[Collected data]
::::::::::
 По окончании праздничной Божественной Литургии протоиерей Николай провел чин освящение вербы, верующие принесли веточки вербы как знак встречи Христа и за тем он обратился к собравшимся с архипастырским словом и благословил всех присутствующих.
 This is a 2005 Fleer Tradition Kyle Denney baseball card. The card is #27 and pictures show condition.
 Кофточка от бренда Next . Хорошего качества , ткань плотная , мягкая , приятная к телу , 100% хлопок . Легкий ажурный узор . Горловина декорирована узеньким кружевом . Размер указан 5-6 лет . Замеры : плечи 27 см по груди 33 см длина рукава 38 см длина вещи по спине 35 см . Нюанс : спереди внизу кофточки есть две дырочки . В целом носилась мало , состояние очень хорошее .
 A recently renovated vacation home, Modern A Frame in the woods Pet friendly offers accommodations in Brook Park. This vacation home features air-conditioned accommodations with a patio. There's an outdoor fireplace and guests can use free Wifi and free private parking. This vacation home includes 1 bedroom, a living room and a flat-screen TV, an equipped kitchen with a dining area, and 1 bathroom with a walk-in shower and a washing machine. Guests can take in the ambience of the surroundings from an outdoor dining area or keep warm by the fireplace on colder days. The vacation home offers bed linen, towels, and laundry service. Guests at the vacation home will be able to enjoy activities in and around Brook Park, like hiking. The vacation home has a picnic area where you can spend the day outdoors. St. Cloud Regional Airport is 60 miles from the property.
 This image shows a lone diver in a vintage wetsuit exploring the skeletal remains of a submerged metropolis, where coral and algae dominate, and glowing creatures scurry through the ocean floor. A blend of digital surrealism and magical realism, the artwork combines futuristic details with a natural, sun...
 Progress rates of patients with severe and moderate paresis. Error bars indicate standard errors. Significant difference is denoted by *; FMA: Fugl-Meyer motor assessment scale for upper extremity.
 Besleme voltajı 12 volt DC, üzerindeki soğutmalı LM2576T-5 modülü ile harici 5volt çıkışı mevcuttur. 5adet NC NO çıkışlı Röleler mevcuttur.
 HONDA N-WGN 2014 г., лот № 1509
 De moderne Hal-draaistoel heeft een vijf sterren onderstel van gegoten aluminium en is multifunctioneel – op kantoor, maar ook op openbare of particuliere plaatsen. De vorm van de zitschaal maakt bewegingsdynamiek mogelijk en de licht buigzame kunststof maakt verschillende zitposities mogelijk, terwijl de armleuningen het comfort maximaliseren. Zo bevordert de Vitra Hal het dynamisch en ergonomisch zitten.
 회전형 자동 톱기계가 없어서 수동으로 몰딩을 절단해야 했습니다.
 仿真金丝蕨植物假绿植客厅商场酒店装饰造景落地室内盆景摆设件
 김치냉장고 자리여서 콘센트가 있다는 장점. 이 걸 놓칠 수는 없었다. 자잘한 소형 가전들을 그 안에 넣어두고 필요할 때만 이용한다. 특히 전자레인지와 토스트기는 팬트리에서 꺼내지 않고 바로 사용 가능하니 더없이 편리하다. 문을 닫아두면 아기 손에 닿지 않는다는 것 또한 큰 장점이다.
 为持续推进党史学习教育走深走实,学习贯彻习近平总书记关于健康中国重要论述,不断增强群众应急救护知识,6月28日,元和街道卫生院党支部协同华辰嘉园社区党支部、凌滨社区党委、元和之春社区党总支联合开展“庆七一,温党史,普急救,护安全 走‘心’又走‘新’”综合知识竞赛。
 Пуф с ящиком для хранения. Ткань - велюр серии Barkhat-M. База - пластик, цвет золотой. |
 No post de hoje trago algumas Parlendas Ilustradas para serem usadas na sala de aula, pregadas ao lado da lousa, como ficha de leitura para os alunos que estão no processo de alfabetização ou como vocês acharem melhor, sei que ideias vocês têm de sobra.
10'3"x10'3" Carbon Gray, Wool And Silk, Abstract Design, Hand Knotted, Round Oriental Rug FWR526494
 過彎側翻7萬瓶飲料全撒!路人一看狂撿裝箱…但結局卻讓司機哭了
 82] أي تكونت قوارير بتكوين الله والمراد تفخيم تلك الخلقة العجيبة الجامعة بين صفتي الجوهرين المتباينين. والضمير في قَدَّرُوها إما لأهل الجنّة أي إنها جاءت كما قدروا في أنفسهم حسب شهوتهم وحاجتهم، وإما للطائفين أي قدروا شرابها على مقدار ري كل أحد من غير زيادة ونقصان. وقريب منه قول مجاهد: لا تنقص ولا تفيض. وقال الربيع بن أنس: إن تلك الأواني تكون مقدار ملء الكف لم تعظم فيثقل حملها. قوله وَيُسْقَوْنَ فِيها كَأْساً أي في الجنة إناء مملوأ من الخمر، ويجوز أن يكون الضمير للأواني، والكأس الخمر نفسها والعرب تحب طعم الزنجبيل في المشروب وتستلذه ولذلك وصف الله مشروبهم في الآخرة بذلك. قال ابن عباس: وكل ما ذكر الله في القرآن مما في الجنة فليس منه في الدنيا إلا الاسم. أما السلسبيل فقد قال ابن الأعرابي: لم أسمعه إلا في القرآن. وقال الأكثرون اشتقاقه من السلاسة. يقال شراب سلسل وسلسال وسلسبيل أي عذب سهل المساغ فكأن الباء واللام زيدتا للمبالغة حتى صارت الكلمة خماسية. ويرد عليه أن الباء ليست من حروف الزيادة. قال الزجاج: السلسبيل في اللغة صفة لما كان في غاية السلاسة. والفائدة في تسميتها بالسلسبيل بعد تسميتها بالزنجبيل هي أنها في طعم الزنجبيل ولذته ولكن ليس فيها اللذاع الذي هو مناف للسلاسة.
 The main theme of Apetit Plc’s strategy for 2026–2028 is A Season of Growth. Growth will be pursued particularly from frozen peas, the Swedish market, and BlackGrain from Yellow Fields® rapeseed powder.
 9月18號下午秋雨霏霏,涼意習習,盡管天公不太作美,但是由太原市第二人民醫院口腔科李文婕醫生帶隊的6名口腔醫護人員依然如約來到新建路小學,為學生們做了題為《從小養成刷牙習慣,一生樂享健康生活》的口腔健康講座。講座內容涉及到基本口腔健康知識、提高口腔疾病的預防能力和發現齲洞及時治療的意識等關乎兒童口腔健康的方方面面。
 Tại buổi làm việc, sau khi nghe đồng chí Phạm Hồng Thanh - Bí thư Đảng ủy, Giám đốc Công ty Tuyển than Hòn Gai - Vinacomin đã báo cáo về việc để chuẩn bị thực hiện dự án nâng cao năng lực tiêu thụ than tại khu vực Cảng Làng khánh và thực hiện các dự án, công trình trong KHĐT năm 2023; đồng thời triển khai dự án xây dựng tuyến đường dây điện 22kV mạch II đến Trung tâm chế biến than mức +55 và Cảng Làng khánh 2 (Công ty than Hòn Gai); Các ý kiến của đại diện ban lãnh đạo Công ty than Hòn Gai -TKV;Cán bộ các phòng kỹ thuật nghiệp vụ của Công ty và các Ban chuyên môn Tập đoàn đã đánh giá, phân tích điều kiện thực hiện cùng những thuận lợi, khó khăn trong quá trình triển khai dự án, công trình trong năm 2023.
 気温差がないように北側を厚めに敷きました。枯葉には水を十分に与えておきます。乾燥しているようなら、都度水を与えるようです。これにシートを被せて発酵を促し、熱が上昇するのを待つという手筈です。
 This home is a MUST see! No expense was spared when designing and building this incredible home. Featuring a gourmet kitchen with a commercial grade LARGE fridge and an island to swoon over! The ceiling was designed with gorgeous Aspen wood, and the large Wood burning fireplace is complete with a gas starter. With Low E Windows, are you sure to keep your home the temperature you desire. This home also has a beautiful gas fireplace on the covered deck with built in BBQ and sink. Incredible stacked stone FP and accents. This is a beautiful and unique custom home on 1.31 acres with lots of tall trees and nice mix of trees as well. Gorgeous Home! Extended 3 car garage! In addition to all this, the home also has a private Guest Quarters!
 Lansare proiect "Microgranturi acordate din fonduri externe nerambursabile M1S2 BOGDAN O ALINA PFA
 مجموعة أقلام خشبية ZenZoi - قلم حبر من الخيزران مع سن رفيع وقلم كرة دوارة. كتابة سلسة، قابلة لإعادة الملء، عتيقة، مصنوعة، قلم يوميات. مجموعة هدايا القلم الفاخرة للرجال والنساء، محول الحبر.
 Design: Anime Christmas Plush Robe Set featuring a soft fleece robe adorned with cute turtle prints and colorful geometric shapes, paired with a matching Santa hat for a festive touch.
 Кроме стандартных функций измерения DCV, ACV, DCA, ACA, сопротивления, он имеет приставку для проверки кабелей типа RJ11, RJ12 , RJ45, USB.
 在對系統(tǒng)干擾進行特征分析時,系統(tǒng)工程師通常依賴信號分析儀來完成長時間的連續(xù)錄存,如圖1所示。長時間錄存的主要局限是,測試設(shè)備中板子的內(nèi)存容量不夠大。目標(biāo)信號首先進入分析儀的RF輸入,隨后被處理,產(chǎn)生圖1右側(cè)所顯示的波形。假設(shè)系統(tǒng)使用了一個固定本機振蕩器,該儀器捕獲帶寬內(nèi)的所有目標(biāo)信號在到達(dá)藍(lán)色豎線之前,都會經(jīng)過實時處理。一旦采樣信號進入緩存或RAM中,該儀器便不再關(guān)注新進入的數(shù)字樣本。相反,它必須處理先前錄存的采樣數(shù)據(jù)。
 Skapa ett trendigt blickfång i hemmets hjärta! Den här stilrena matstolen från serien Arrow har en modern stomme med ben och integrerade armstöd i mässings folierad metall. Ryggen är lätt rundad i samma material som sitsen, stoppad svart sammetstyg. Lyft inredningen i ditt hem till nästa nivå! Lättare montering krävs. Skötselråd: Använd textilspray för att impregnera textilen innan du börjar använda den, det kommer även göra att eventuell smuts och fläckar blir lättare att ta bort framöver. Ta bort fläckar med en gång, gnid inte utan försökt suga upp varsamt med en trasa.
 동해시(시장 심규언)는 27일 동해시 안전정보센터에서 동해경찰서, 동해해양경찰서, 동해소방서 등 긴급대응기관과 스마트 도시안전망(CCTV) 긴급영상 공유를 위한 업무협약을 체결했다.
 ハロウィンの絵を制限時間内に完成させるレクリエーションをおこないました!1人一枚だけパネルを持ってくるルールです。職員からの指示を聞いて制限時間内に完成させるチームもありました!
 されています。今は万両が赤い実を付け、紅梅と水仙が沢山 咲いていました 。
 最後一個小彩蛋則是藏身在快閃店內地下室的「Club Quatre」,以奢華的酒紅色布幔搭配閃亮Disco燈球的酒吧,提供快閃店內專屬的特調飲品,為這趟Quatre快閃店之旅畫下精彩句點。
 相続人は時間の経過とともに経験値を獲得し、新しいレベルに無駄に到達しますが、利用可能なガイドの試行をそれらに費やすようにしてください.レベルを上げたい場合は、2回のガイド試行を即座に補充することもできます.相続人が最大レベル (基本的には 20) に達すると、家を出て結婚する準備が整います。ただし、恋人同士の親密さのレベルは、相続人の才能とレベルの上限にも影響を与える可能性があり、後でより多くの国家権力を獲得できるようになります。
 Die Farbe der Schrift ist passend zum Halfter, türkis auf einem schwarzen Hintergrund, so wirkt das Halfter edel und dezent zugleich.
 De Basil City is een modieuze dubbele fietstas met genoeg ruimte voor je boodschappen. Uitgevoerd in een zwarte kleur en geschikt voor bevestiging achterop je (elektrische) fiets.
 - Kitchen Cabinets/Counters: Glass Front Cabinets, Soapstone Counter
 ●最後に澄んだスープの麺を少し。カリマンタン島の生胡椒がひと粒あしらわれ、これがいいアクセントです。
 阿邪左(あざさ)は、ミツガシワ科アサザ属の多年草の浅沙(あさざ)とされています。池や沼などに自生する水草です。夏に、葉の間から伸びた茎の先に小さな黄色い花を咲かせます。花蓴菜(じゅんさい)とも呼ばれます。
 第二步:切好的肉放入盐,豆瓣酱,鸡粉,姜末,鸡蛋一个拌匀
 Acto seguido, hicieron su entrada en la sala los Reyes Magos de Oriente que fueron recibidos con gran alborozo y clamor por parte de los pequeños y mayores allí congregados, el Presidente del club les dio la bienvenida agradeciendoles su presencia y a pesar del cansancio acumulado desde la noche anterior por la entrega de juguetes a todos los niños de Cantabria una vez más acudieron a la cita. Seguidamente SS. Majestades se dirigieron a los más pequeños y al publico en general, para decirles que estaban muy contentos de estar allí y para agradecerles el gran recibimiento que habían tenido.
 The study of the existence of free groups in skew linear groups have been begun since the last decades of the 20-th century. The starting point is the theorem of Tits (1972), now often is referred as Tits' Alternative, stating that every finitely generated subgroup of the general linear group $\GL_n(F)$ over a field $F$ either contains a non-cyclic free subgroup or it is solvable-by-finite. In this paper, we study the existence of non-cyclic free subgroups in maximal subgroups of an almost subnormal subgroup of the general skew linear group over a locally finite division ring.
::::::::::
The line containing "A recently renovated" marks the end: copy exactly every line from the top of the data above down to it, that line included.

 По окончании праздничной Божественной Литургии протоиерей Николай провел чин освящение вербы, верующие принесли веточки вербы как знак встречи Христа и за тем он обратился к собравшимся с архипастырским словом и благословил всех присутствующих.
 This is a 2005 Fleer Tradition Kyle Denney baseball card. The card is #27 and pictures show condition.
 Кофточка от бренда Next . Хорошего качества , ткань плотная , мягкая , приятная к телу , 100% хлопок . Легкий ажурный узор . Горловина декорирована узеньким кружевом . Размер указан 5-6 лет . Замеры : плечи 27 см по груди 33 см длина рукава 38 см длина вещи по спине 35 см . Нюанс : спереди внизу кофточки есть две дырочки . В целом носилась мало , состояние очень хорошее .
 A recently renovated vacation home, Modern A Frame in the woods Pet friendly offers accommodations in Brook Park. This vacation home features air-conditioned accommodations with a patio. There's an outdoor fireplace and guests can use free Wifi and free private parking. This vacation home includes 1 bedroom, a living room and a flat-screen TV, an equipped kitchen with a dining area, and 1 bathroom with a walk-in shower and a washing machine. Guests can take in the ambience of the surroundings from an outdoor dining area or keep warm by the fireplace on colder days. The vacation home offers bed linen, towels, and laundry service. Guests at the vacation home will be able to enjoy activities in and around Brook Park, like hiking. The vacation home has a picnic area where you can spend the day outdoors. St. Cloud Regional Airport is 60 miles from the property.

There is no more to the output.